IAM 830 - Graduate Ordinary Differential Equations

Credits: 3

Course is a graduate-level course on ordinary differential equations. It is designed to be accessible to first-year graduate students from math, science or engineering backgrounds who have had a first undergraduate course in differential equations, along with a standard calculus sequence. The course is designed to begin with an intensive review of undergraduate differential equations and then will proceed to handle more advanced concepts, starting with multi-dimensional coupled systems of ordinary differential equations, exponential matrix solutions, using coordinate transformations for conversion to standard forms, nonlinear systems and transform-based solutions, using coordinate transformations for conversion to standard forms, nonlinear systems and transform-based techniques. The course will have an interdisciplinary and applied style and will cover the following topics: Intense review of undergraduate differential equations, Power Series and Fourier Series solutions, Multi-dimensional D.E.s, eigenvectors and Jordan forms, Numerical Methods, Nonlinear D.E.s Dynamical Systems and Chaos.
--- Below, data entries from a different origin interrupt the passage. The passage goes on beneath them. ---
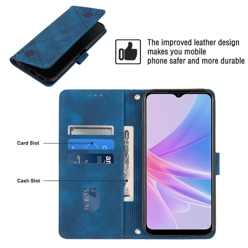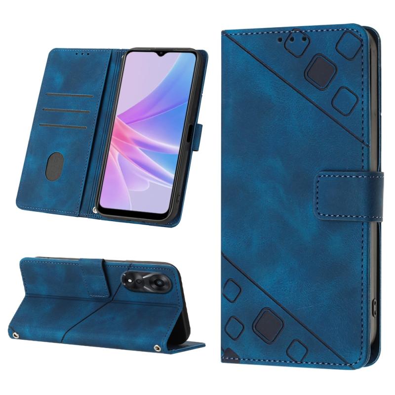 For OPPO A78 Skin-feel Embossed Leather Phone Case(Blue)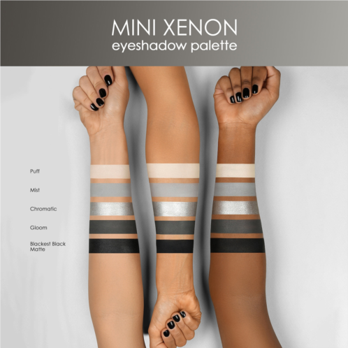 - 5 x 0.028 oz/ 0.8 g Eyeshadows in Blackest Black (deep black), Gloom (medium dark grey), Chromatic (platinum silver), Mist (light gray), Puff (off white)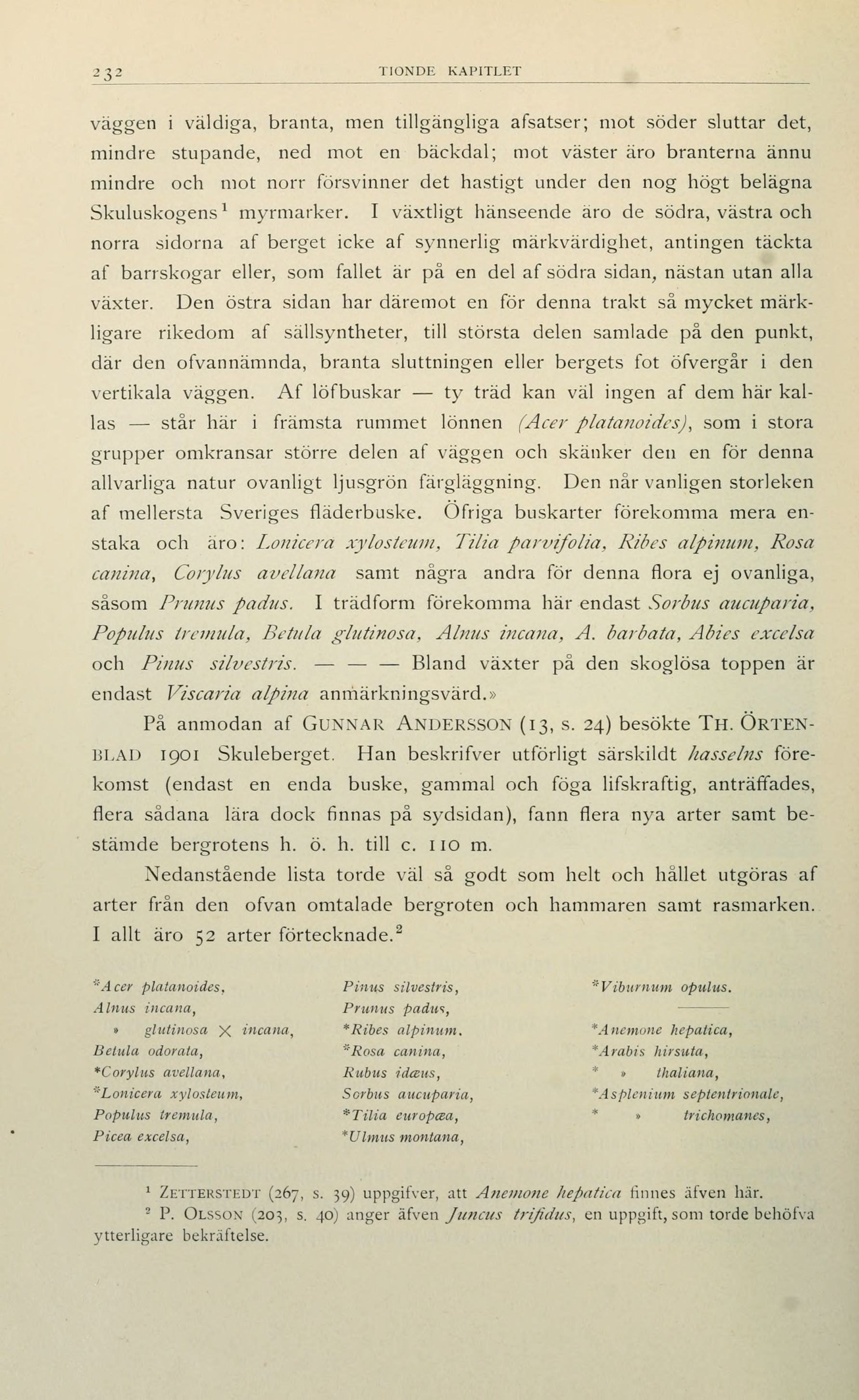 Örten-blad 1901 Skuleberget. Han beskrifver utförligt särskildt hasselns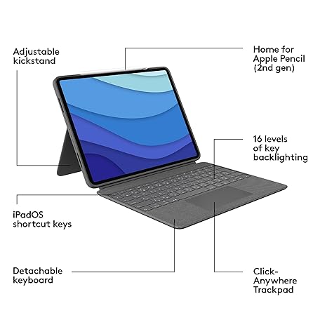 Thông tin sản phẩm Logitech Combo Touch iPad Pro 12.9-inch (5th, 6th gen - 2021, 2022) Keyboard Case - Detachable Backlit Keyboard with Kickstand, Click-Anywhere Trackpad, Smart Connector - Oxford Gray; USA Layout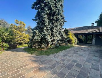 Piano terreno: Un portico coperto accoglie l’ingresso con taverna di buone dimensioni, ideale per ricevimenti e momenti conviviali. Sullo stesso livello si trovano una camera, un bagno di servizio, la lavanderia, una cantina e il locale tecnico. L’ampia area esterna pavimentata offre comodi spazi per la sosta di più autovetture, box auto e un accesso diretto al giardino che circonda la proprietà.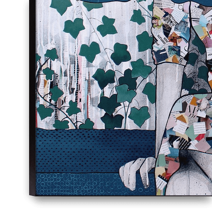 Techniques mixtes sur toile : peinture acrylique, aérosol et papier.
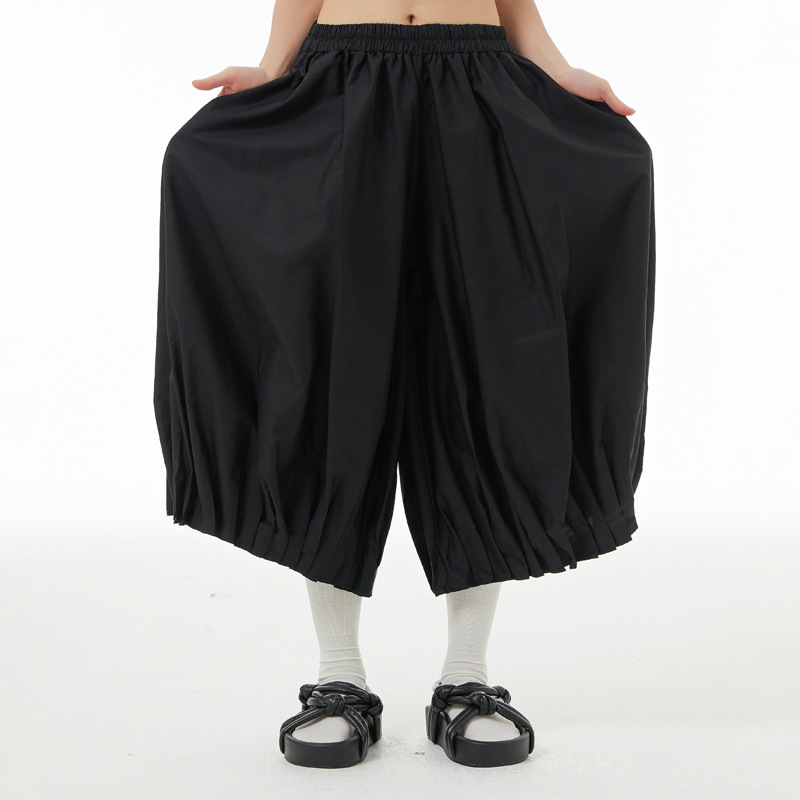 韓国風プリーツ七分丈パンツ2025秋新作大きいサイズゆったり着痩せレディーススカートパンツワイドパンツ1332

Grade Mode: Letter Grading

IAM 851 - Introduction to High-Performance Computing

Credits: 3

Course gives an introduction to select areas of high-performance computing, providing a basis for writing and working with high-performance simulation codes. The three main topics are: 1) basic software engineering, 2) high-performance and parallel programming, and 3) performance analysis and modeling. Additional topics may include heterogeneous architectures like GPUs and data analysis/visualization. Working knowledge of a compiled programming language (C, C++ or Fortran) is required prior to taking this course.

Grade Mode: Letter Grading

IAM 932 - Graduate Partial Differential Equations

Credits: 3

Graduate level introduction to the analysis of linear and nonlinear partial differential equations. topics include: separation of variables, Fourier series, weak and strong solutions, eigenfunction expansions, the Strum-Liouville problem, Green's functions and fundamental solutions, method of characteristics, and conservation laws. A solid foundation in Ordinary Differential Equations and Linear Algebra is required prior to taking this course.

Grade Mode: Letter Grading

IAM 933 - Applied Functional Analysis

Credits: 3

Introduction to rigorous mathematical analysis from the perspective of applications. Topics include: metric and normed spaces; convergence; completeness; continuity; Lebesgue measure theory; convergence theorems; Banach, Hilbert, Lp, and Sobolev spaces; orthogonality, bases, and projections; Sturm-Liouville theory; spectral theory; distributions; and weak solutions. Applications including to differential and integral equations, are presented throughout. Knowledge of real analysis is required, or graduate level introductory courses in mathematical physics or applied mathematics should be taken prior to taking this course.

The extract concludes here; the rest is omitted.